- _PROMPT_
Make an exact copy, from the records below, of the lines from the line containing "is manifold. The" to the line containing "Laissez-vous surprendre par", both lines included, excluding pictures.

(Records from a dataset)
>>>>

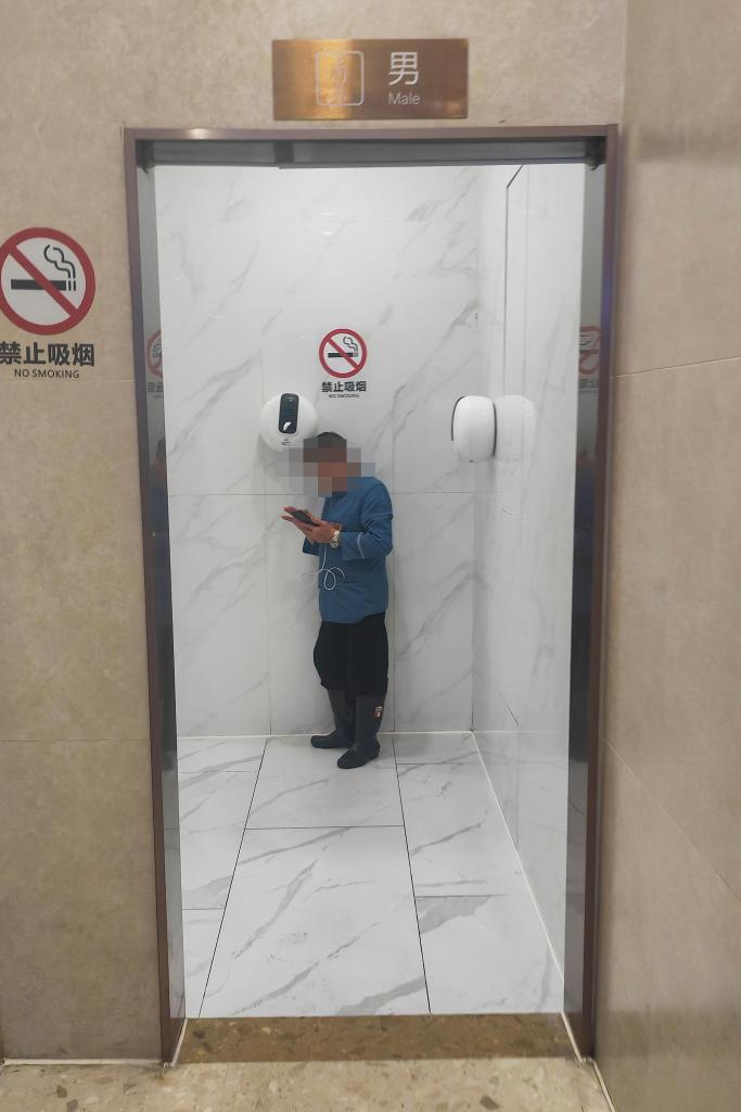 在广西某市一家商场内,卫生间里的一个小隔间既是保洁工具间,又是保洁人员休息室(4月17日摄)。
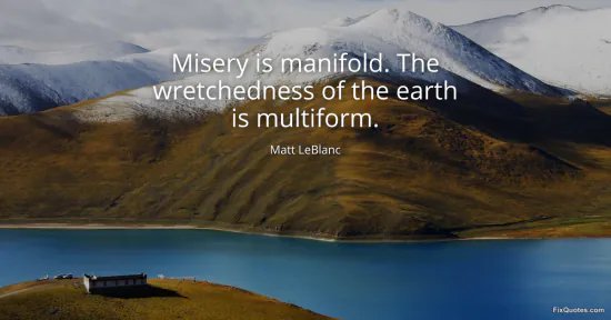 LeBlanc, Matt. "Misery is manifold. The wretchedness of the earth is multiform." FixQuotes. January 16, 2026. https://fixquotes.com/quotes/misery-is-manifold-the-wretchedness-of-the-earth-88711/.
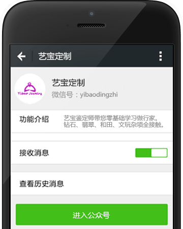 扫描二维码关注艺宝珠宝定制官方微信公众平台,微信下单,在线咨询两不误。
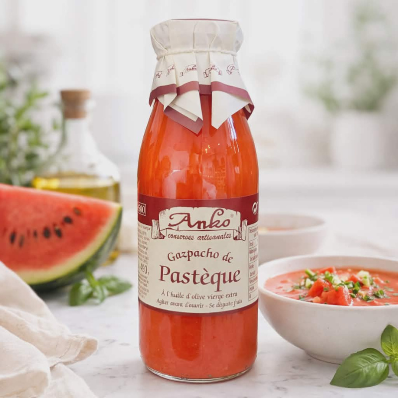 Laissez-vous surprendre par l’alliance délicate et ensoleillée du gaspacho tomate & pastèque Anko. Cette création originale revisite le classique avec une touche de douceur fruitée, où la tomate mûrie au soleil rencontre la fraîcheur désaltérante de la pastèque.
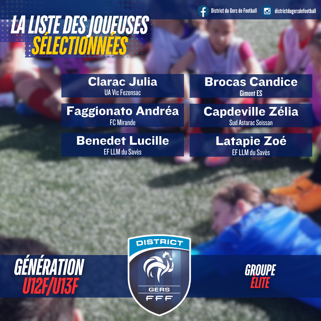 À la suite des 𝐝𝐞𝐮𝐱 𝐣𝐨𝐮𝐫𝐧𝐞́𝐞𝐬 𝐝𝐞 𝐝𝐢𝐚𝐠𝐧𝐨𝐬𝐭𝐢𝐜 𝐟𝐞́𝐦𝐢𝐧𝐢𝐧 organisées les 21 et 27 octobre derniers, le District du Gers de Football a le plaisir de dévoiler 𝐥𝐚 𝐜𝐨𝐦𝐩𝐨𝐬𝐢𝐭𝐢𝐨𝐧 𝐝𝐞𝐬 𝐠𝐫𝐨𝐮𝐩𝐞𝐬 𝐄́𝐥𝐢𝐭𝐞 𝐞𝐭 𝐃𝐞́𝐯𝐞𝐥𝐨𝐩𝐩𝐞𝐦𝐞𝐧𝐭 𝐩𝐨𝐮𝐫 𝐥𝐞𝐬 𝐜𝐚𝐭𝐞́𝐠𝐨𝐫𝐢𝐞𝐬 𝐔𝟏𝟐𝐅/𝐔𝟏𝟑𝐅 𝐞𝐭 𝐔𝟏𝟒𝐅/𝐔𝟏𝟓𝐅.
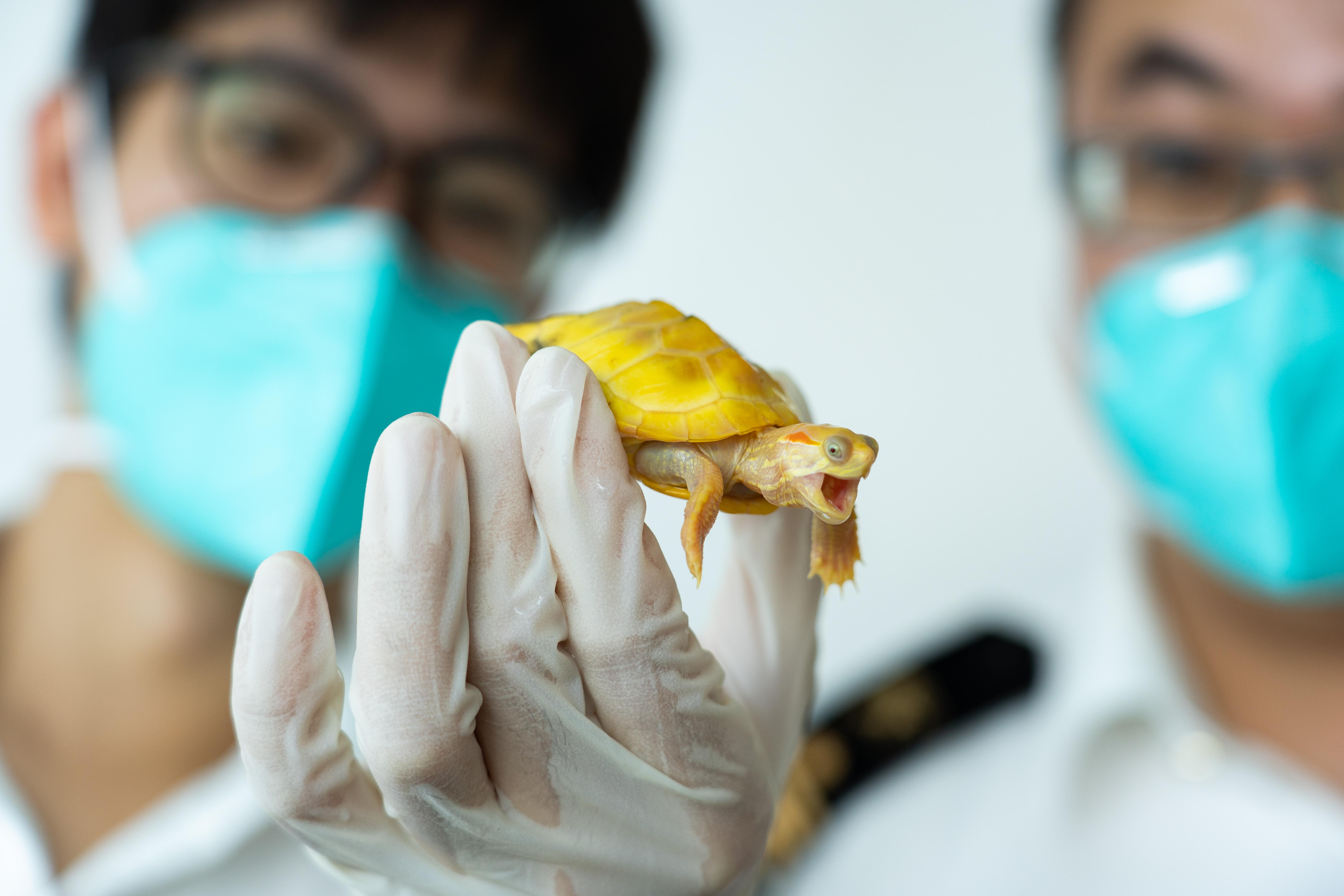 圖為:港珠澳大橋海關(guān)關(guān)員查獲的紅耳彩龜。本報通訊員 林昌鋒攝
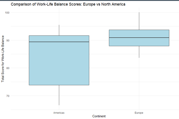 ggtitle(‘Comparison of Work-Life Balance Scores: Europe vs North America’) +
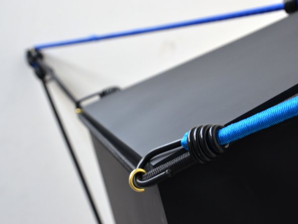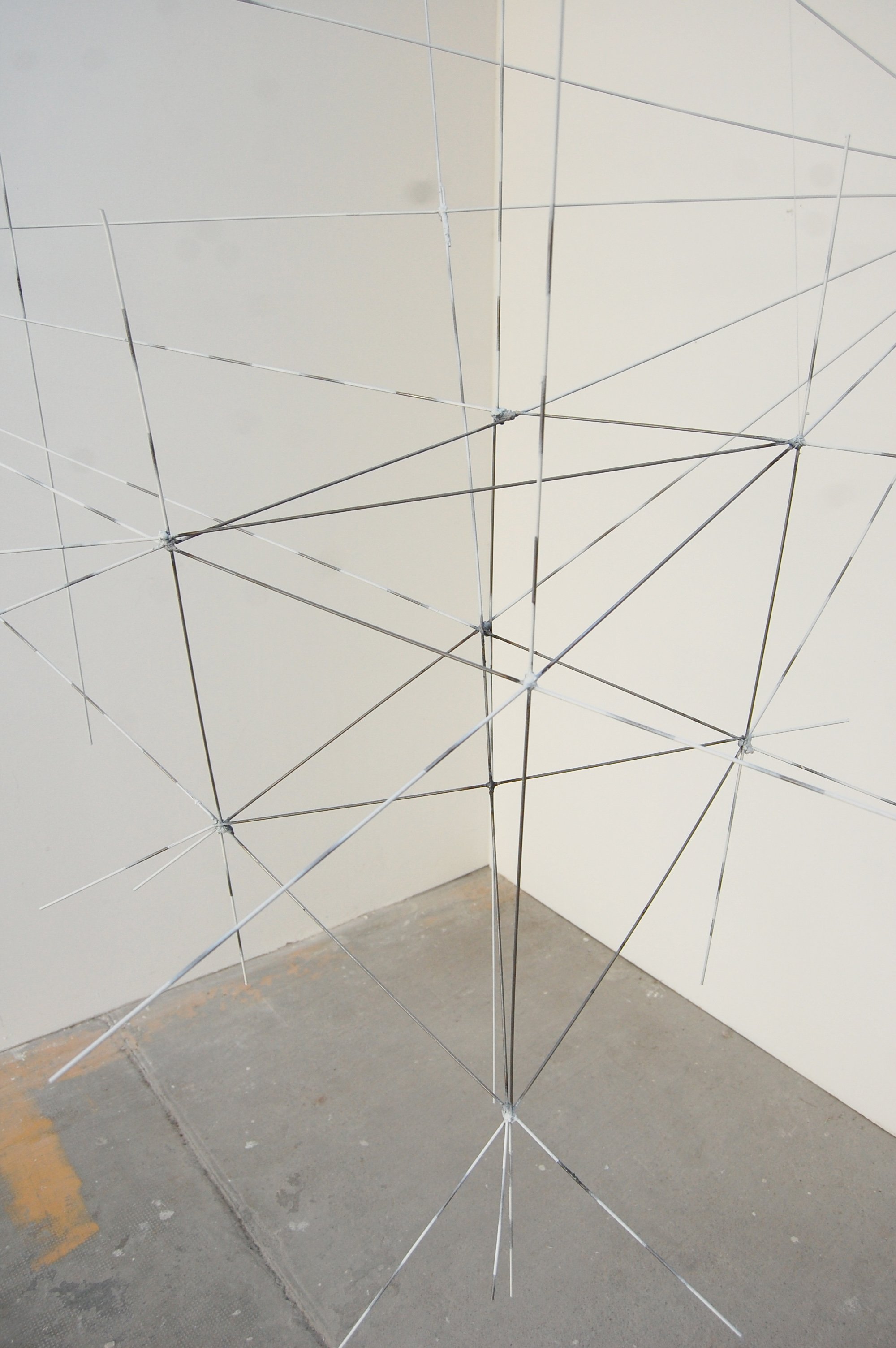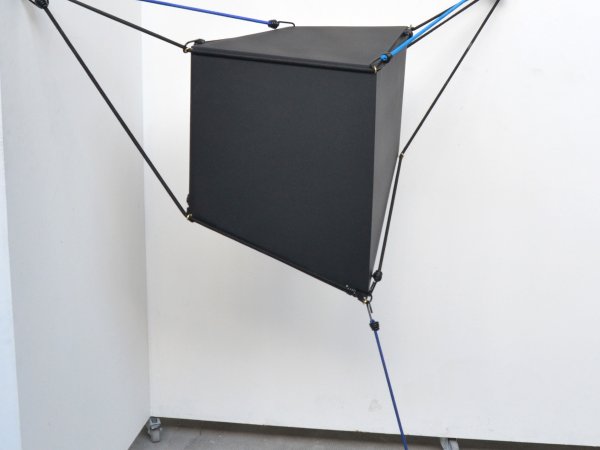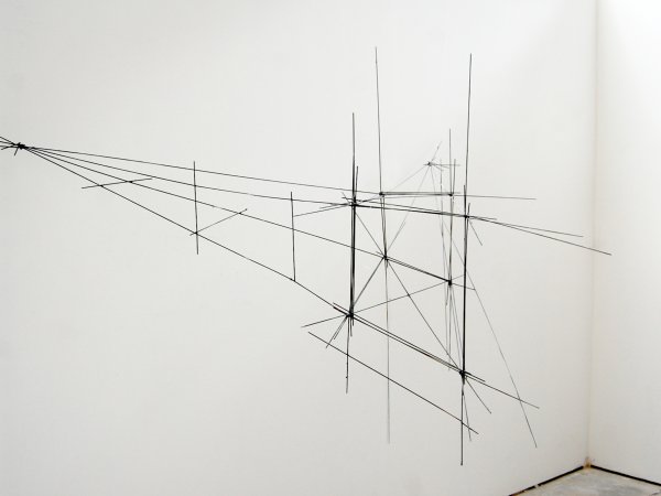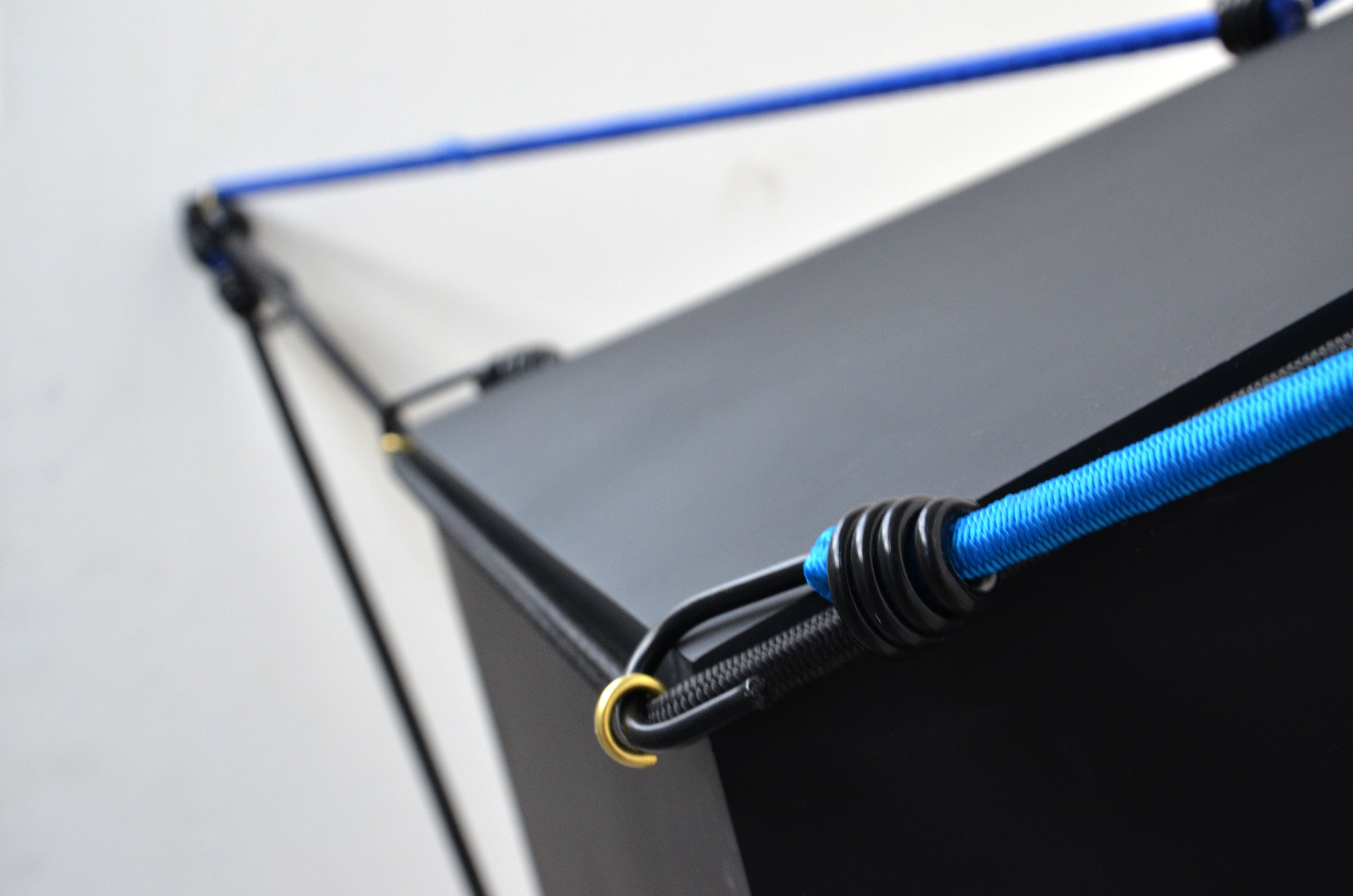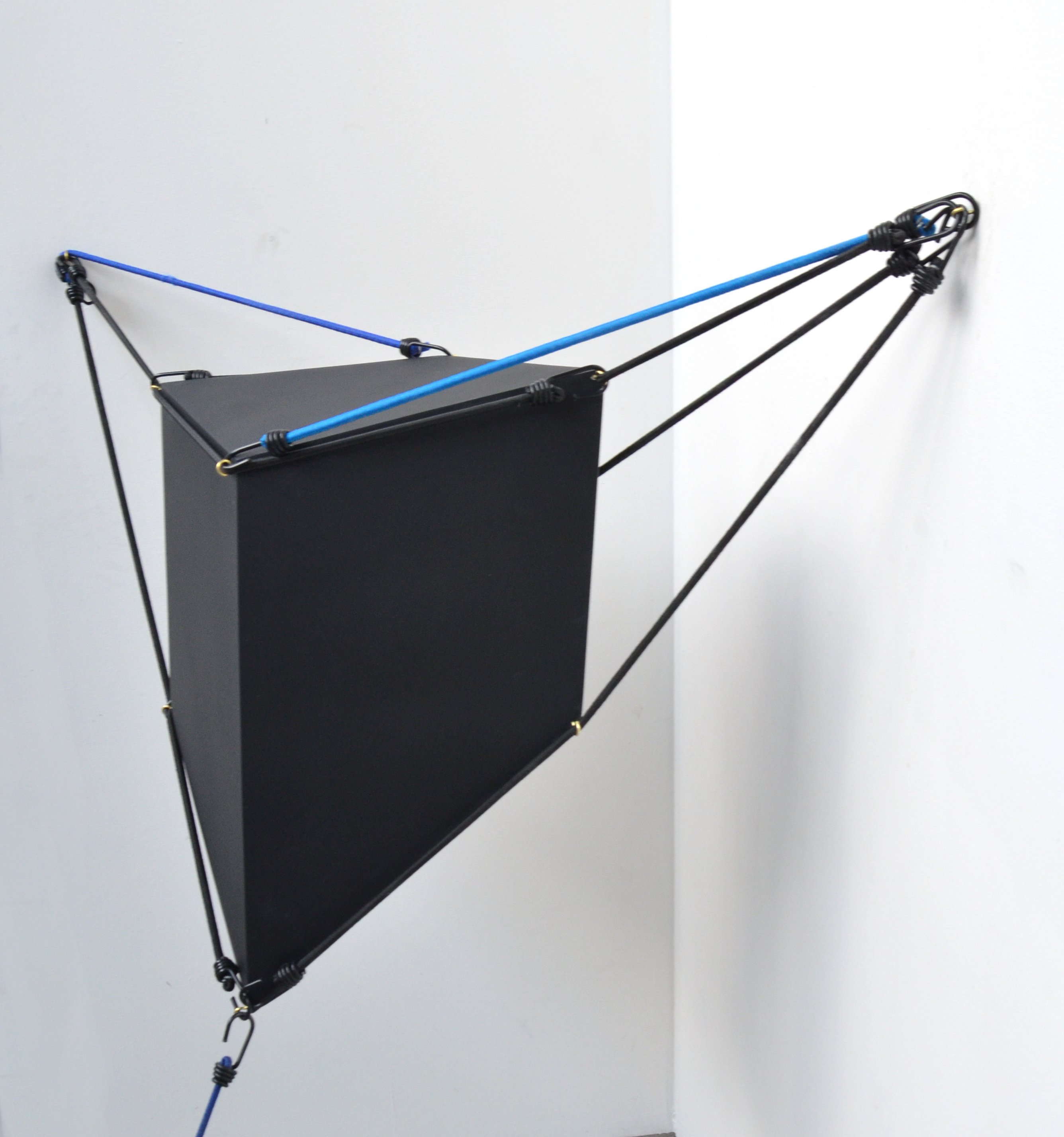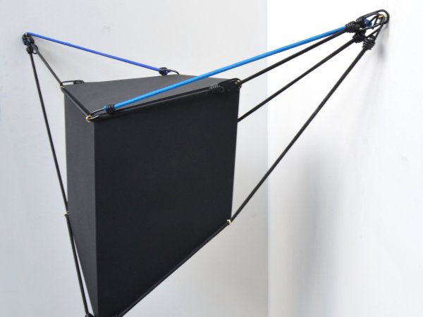 Steal, paint, wood, golden hook, tensioner. Variable size
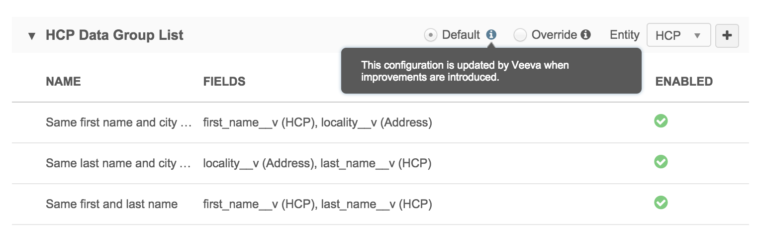 When the match configuration is set to Default, it will be updated automatically when Veeva introduces enhancements.
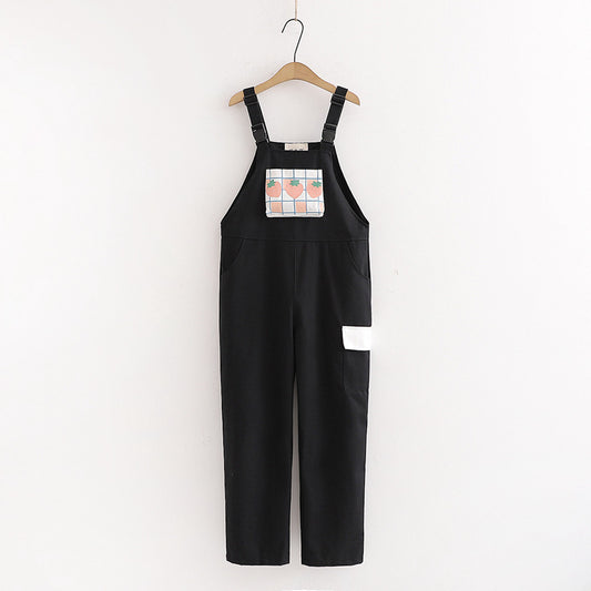 Harajuku Kawaii Strap Pants Women Sweet Plaid Strawberry

<<<<

- _EXERCISE RESULT_
 LeBlanc, Matt. "Misery is manifold. The wretchedness of the earth is multiform." FixQuotes. January 16, 2026. https://fixquotes.com/quotes/misery-is-manifold-the-wretchedness-of-the-earth-88711/.
 扫描二维码关注艺宝珠宝定制官方微信公众平台,微信下单,在线咨询两不误。
 Laissez-vous surprendre par l’alliance délicate et ensoleillée du gaspacho tomate & pastèque Anko. Cette création originale revisite le classique avec une touche de douceur fruitée, où la tomate mûrie au soleil rencontre la fraîcheur désaltérante de la pastèque.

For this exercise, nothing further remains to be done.